- [WHAT THE TASK REQUIRES]
Repeat the records below exactly from the line containing "BÜRÜN Gri Kapüşonu Kürk Detaylı Kaban" to the line containing "175-190 cm 75,00 kg - 81,00 kg 3XL/185", taking in both of those lines. Drop the pictures.

- [EXERCISE INPUT]
****
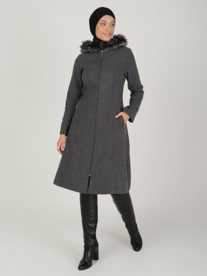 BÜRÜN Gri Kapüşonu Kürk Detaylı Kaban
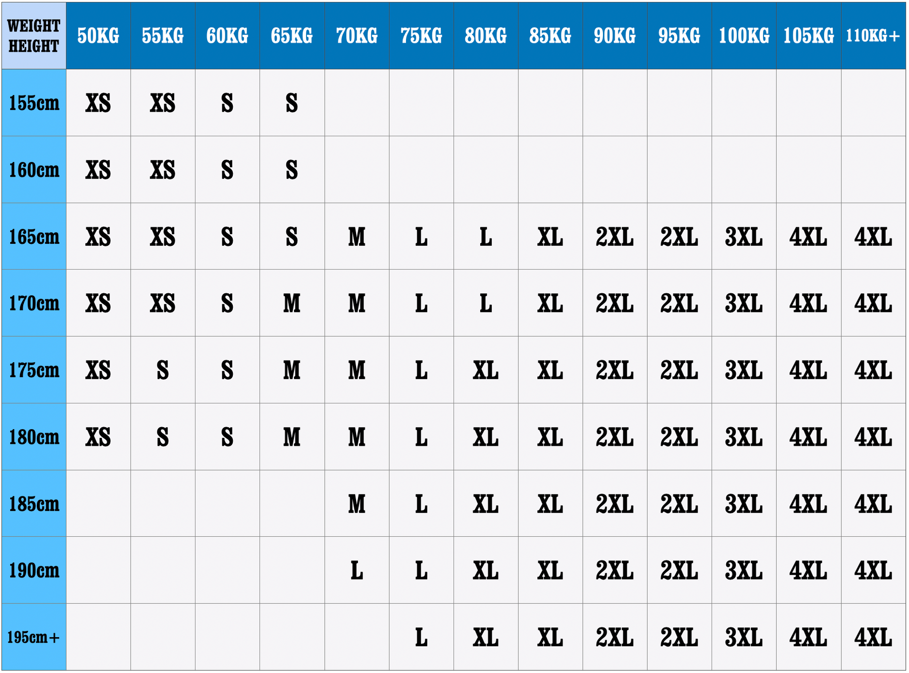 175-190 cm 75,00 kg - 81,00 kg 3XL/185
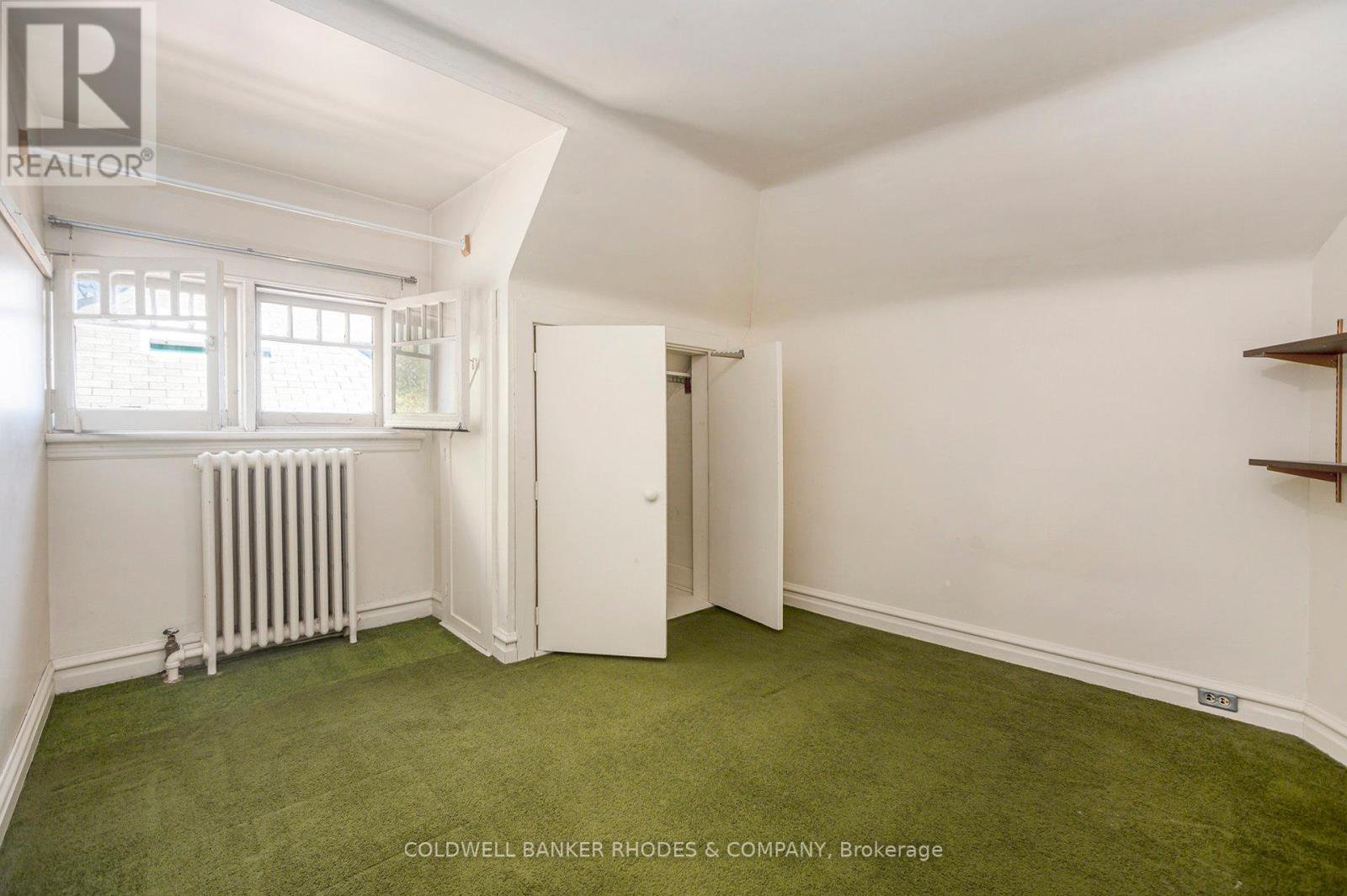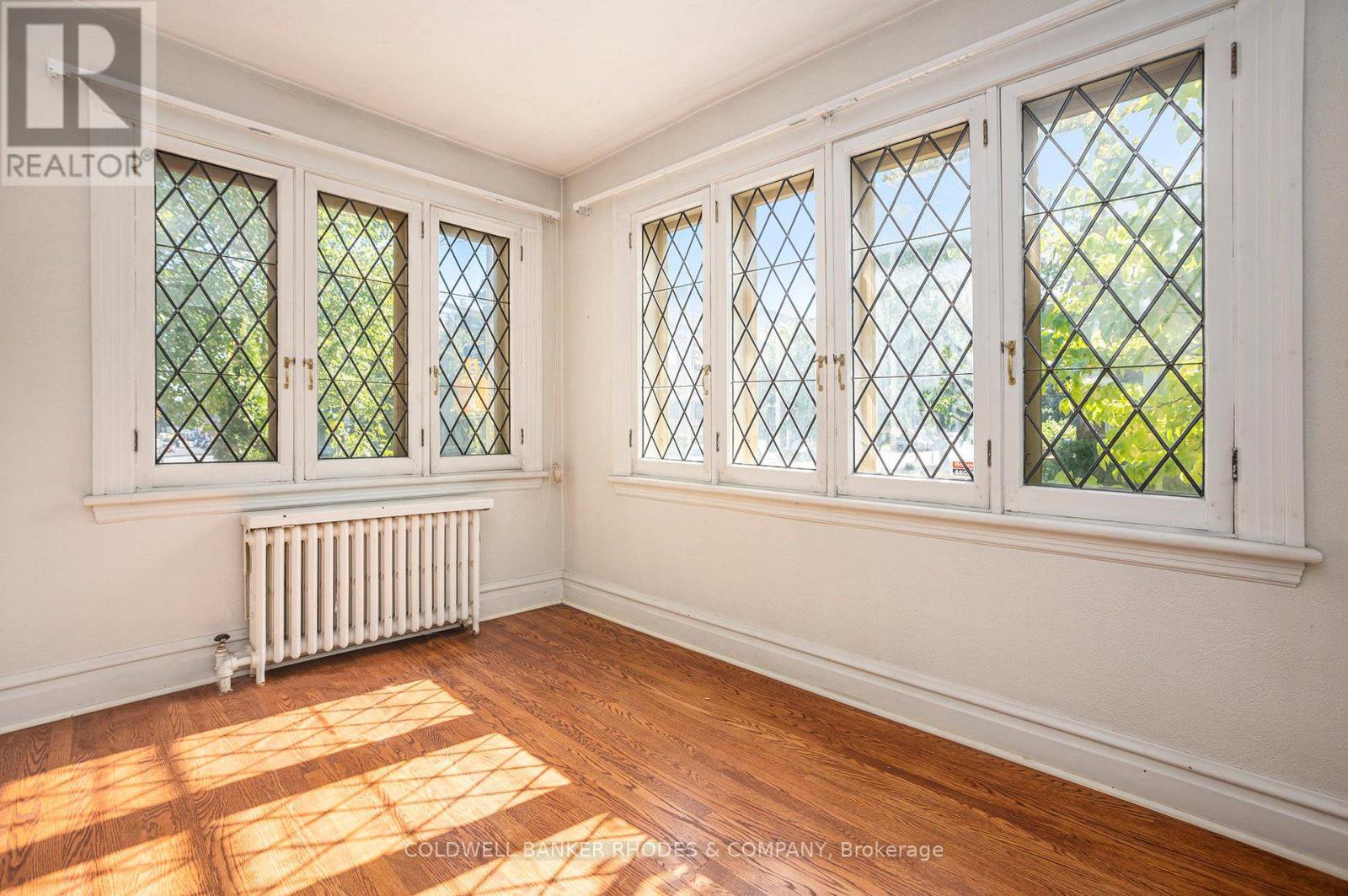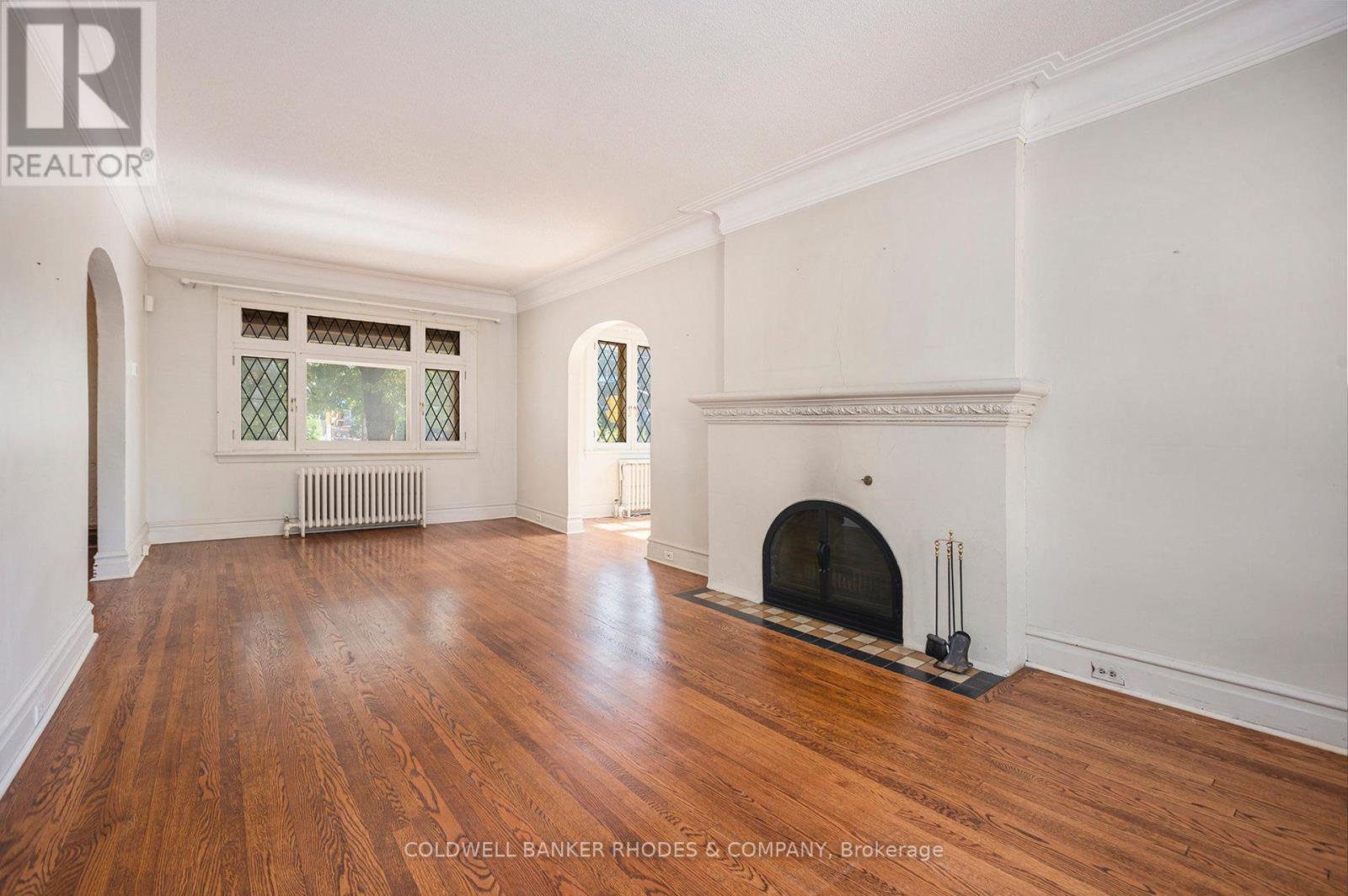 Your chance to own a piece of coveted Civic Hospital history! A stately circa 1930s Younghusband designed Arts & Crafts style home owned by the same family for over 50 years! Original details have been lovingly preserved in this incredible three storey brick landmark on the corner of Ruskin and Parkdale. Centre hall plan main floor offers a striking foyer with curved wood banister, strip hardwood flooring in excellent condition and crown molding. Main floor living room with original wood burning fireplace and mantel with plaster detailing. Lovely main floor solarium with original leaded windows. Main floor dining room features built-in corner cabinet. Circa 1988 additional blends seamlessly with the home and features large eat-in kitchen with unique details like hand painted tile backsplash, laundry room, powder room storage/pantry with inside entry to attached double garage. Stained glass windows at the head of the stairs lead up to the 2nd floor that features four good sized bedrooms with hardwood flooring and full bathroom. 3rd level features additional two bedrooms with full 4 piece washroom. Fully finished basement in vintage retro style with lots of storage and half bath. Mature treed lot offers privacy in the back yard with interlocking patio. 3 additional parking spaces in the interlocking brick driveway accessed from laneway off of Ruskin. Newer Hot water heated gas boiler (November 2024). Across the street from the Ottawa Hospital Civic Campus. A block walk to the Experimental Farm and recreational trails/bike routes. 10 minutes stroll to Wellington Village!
****
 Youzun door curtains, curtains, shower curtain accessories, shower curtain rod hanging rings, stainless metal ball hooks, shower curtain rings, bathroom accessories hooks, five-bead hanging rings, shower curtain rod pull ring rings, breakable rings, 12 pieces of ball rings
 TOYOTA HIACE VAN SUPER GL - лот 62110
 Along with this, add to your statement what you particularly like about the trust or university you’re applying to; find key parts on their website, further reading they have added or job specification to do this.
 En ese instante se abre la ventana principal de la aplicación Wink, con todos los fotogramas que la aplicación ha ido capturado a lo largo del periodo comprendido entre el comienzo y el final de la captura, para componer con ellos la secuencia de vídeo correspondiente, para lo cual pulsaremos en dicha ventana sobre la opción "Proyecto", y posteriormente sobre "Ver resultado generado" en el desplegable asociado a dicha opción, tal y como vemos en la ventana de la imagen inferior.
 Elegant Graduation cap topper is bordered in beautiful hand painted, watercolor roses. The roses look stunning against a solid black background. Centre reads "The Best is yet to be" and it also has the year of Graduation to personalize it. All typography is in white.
****
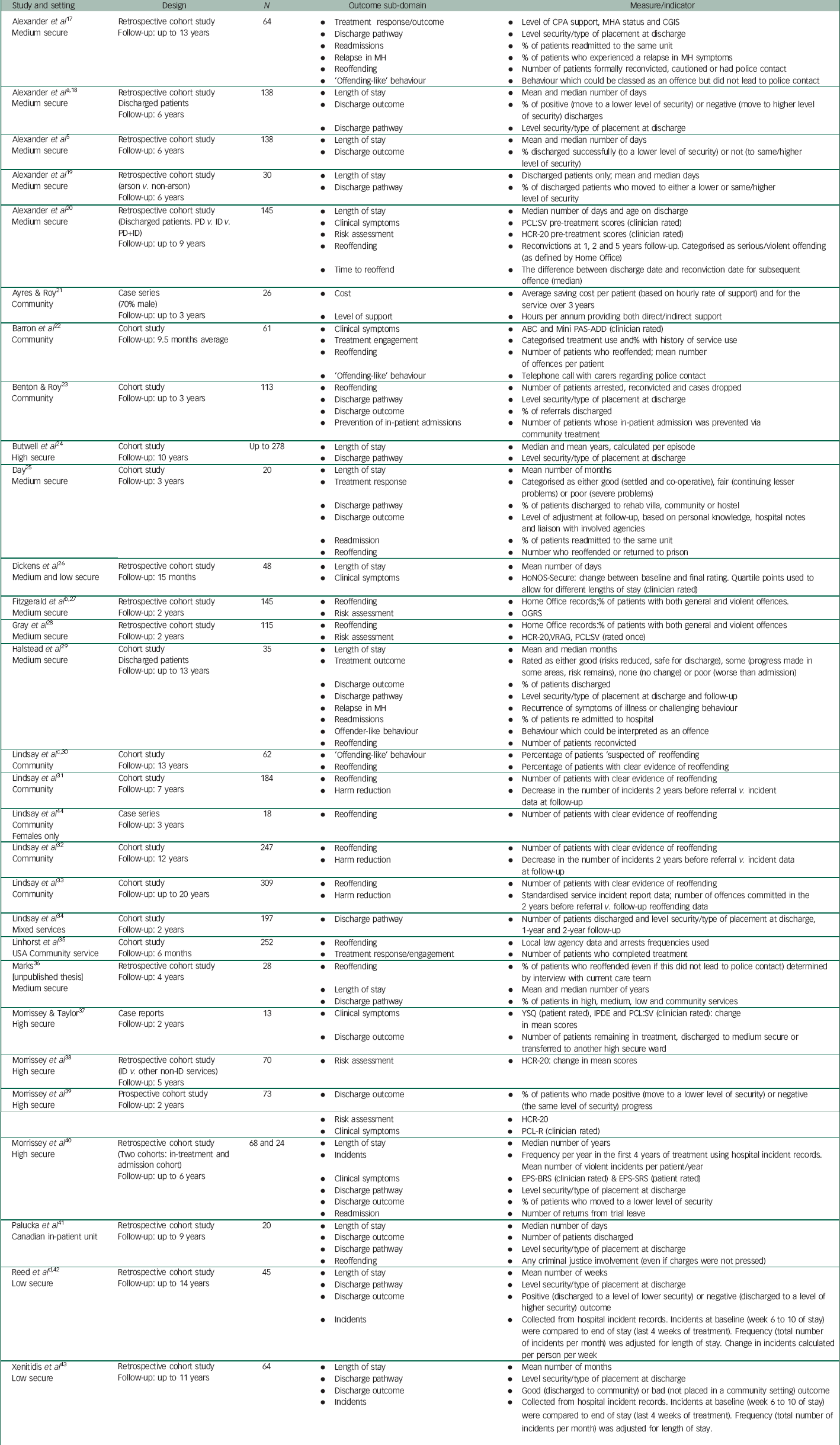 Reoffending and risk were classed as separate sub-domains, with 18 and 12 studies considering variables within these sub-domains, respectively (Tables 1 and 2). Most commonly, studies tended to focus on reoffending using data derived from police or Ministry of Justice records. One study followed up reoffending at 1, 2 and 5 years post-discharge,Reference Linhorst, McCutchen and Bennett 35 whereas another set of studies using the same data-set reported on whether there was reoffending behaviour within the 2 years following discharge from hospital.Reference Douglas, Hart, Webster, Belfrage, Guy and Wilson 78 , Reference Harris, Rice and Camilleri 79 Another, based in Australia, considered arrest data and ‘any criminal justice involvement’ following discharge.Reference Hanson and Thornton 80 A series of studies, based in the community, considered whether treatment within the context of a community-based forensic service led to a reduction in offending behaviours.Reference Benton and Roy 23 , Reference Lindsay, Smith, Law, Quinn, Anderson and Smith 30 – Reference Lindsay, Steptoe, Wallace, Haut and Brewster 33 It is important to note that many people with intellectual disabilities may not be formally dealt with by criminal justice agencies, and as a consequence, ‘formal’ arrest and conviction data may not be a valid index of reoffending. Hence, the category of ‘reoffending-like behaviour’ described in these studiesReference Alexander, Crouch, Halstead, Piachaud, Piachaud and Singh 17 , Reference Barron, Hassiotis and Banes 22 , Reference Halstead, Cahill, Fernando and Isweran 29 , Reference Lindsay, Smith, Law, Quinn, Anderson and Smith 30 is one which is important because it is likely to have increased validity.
****
- [RESULT OF THE TASK]
 BÜRÜN Gri Kapüşonu Kürk Detaylı Kaban
 175-190 cm 75,00 kg - 81,00 kg 3XL/185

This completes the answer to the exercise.